START Records shown

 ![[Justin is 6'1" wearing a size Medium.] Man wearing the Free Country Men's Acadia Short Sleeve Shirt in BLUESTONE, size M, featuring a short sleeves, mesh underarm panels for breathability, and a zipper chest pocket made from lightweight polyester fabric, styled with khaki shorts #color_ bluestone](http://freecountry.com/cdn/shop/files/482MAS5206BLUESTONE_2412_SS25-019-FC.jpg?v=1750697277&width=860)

END Records shown
START Records shown

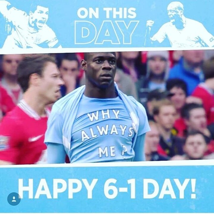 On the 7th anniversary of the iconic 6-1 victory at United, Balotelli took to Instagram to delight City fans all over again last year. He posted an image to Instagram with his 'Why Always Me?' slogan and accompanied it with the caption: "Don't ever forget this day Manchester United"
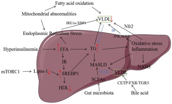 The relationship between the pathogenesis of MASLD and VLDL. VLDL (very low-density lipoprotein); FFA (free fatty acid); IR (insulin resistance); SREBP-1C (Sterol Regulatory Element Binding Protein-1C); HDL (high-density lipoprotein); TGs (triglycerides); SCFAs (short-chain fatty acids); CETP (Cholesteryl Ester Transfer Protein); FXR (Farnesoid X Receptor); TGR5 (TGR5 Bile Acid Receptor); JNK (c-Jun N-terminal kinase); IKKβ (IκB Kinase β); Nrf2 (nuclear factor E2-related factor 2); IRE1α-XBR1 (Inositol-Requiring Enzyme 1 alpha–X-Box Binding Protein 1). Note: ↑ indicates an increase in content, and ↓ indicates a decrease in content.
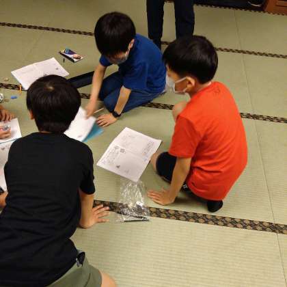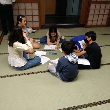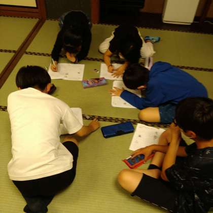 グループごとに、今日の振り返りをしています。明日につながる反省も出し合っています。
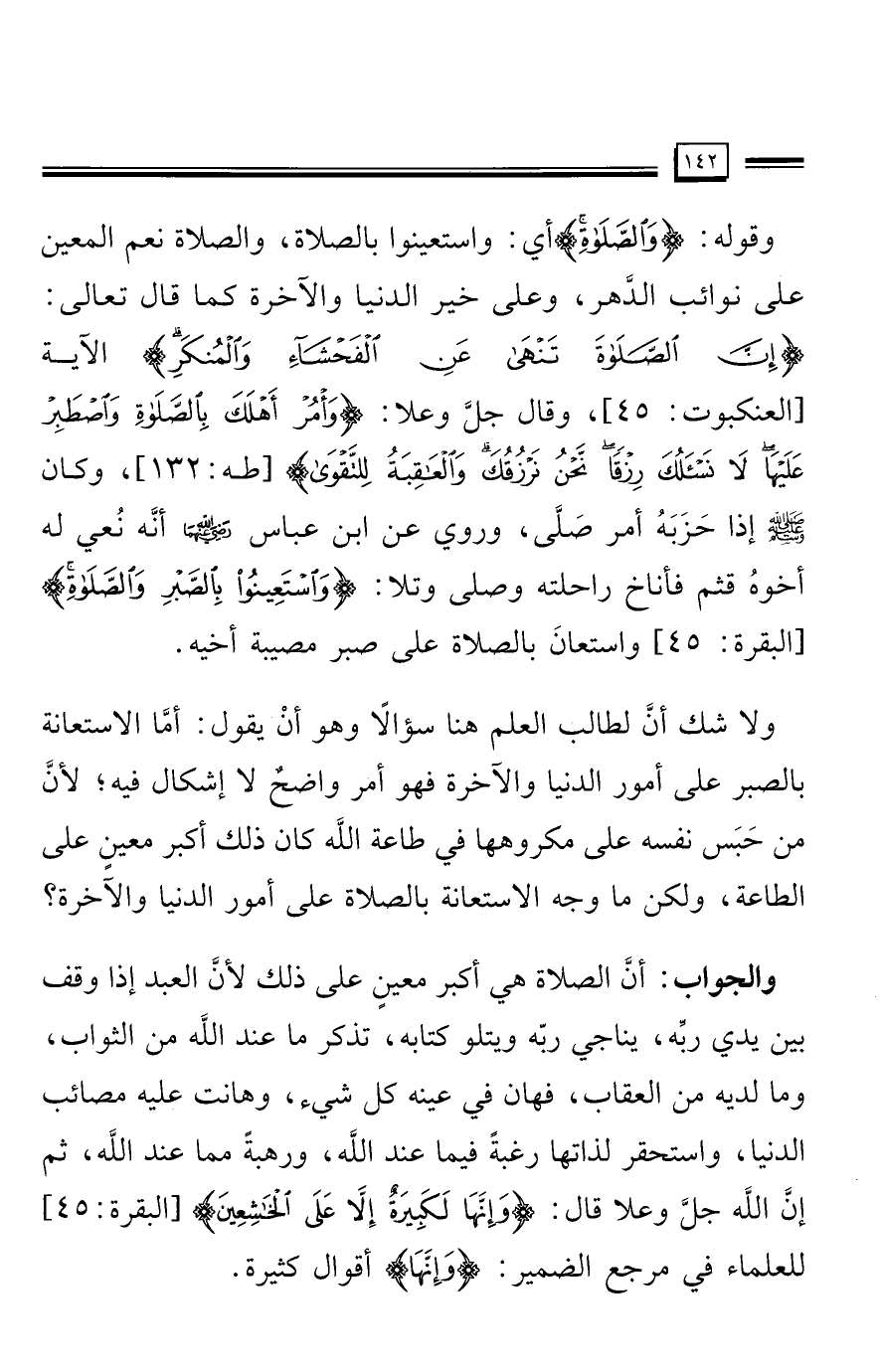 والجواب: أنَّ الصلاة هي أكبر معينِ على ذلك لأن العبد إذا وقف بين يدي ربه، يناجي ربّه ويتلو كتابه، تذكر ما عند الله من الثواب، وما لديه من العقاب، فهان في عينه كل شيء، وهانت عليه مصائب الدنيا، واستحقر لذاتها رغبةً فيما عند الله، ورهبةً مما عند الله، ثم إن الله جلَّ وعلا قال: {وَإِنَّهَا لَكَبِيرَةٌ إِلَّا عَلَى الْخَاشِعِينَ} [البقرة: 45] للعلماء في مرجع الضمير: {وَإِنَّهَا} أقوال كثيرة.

END Records shown
START Records shown

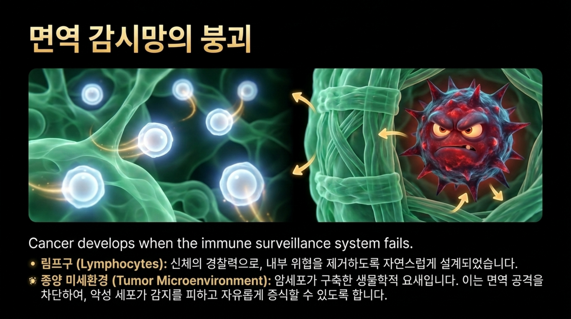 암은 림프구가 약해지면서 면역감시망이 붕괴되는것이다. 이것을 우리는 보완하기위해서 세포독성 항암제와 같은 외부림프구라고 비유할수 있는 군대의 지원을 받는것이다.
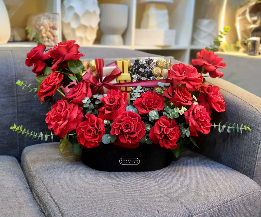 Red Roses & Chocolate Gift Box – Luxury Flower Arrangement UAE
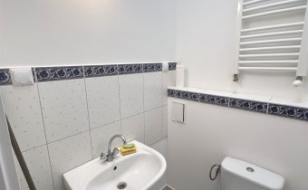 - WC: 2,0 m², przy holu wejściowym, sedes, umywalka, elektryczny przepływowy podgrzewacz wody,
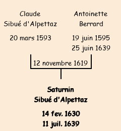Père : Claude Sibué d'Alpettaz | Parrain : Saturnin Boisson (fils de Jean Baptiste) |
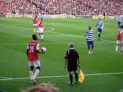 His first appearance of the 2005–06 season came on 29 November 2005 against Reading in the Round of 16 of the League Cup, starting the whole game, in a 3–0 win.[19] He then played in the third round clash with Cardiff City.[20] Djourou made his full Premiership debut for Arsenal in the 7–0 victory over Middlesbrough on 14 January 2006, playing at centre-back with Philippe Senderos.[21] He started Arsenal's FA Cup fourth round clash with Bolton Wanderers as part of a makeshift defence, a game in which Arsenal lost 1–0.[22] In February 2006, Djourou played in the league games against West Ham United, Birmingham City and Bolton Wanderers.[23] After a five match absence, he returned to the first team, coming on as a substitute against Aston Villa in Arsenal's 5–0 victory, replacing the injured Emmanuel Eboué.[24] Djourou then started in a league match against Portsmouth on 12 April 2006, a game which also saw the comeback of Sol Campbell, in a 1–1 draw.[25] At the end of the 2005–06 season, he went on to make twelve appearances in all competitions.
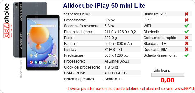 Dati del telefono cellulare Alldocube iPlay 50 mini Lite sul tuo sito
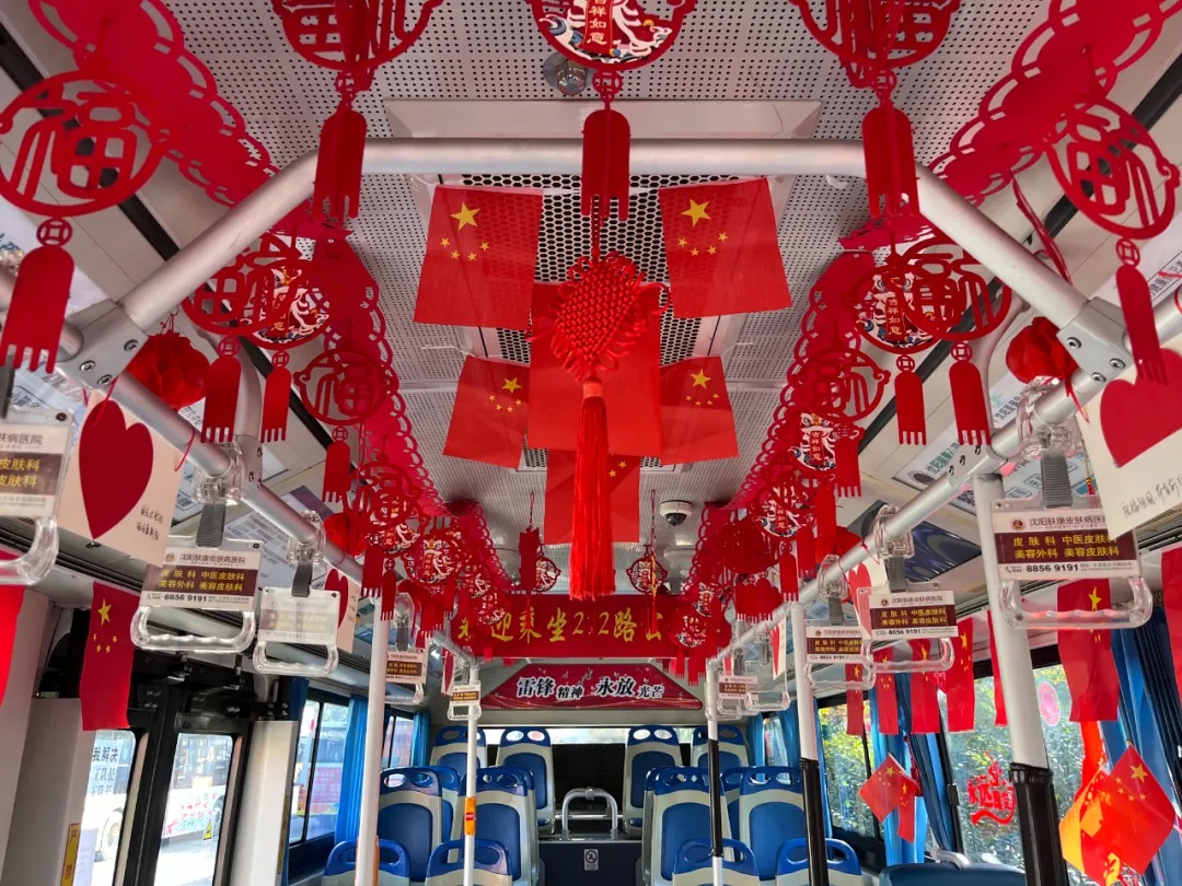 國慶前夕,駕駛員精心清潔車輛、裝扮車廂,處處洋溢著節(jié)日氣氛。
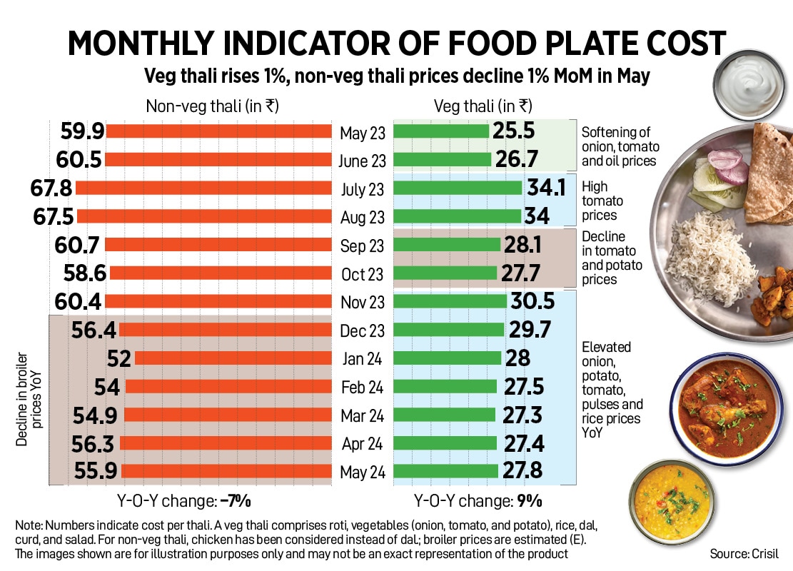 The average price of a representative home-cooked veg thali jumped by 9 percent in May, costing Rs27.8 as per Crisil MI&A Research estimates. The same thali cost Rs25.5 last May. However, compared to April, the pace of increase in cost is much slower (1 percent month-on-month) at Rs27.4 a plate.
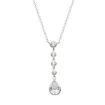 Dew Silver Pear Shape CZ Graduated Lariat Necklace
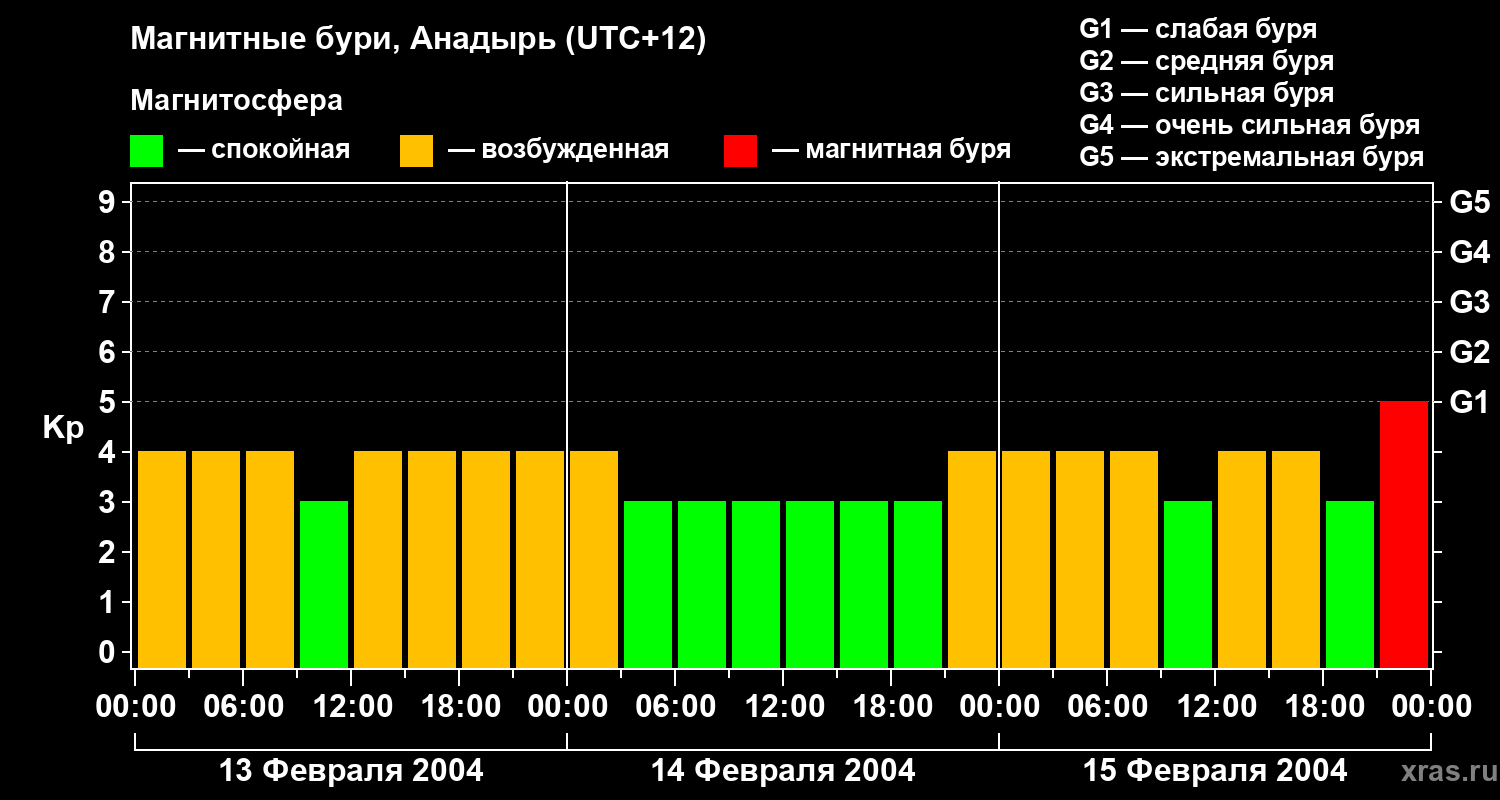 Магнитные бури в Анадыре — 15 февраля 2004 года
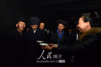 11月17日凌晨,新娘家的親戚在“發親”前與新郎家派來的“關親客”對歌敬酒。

END Records shown

> **Work item**: Return the stretch of data that begins with the line showing "Dati del telefono" and goes on through the line showing "國慶前夕,駕駛員精心清潔車輛、裝扮車廂,處處洋溢著節(jié)日氣氛。", exactly, with pictures removed.

> **Task result**:
 Dati del telefono cellulare Alldocube iPlay 50 mini Lite sul tuo sito
 國慶前夕,駕駛員精心清潔車輛、裝扮車廂,處處洋溢著節(jié)日氣氛。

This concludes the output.